The Ford Foundation has recognized the quality of this interdisciplinary approach, awarding Bates and Associate Professor of Anthropology Charles Carnegie a three-year, $300,000 grant, "Diasporic Knowledges," to re-imagine how the joined fields of Caribbean and African American studies should be understood and taught.
Carnegie, a member of the editorial collective for the Caribbean studies journal Small Axe ("If you are the big tree, we are the small axe, ready to cut you down," sang reggae star Bob Marley, using a Jamaican proverb) and chair of the African American studies program at Bates, produces groundbreaking approaches to the study of the African diaspora.

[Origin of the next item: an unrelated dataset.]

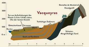 Der Boden wurde in der Region unterschiedlich verworfen, auf engem Raum wechseln Boden, Ausrichtung und Lage der Weinberge, was den Weinen der vielen Cru Lagen um Vacqueyras jeweils ihren eigenen Charakter verleiht und sie daher alle so hoch bewertet sind.

Born and raised in Jamaica, where he headed the African Caribbean Institute from 1987 to 1991, Carnegie recently has focused on identity and on issues of nationalism and transnationalism. His latest book, Postnationalism Prefigured: Caribbean Borderlands (Rutgers University Press, 2002), examines new ways of approaching and creating world community that accommodate local histories, cultures and loyalties in a larger global framework.
African American studies is at a juncture where it's rethinking itself, much the way intellectuals and scholars in the black diaspora did in the early 1970s, Carnegie says. "By asking uncomfortable questions about who we are and what we are thinking, by bringing gender studies to the forefront, we can question our nationalist presumptions as well as our racial ones."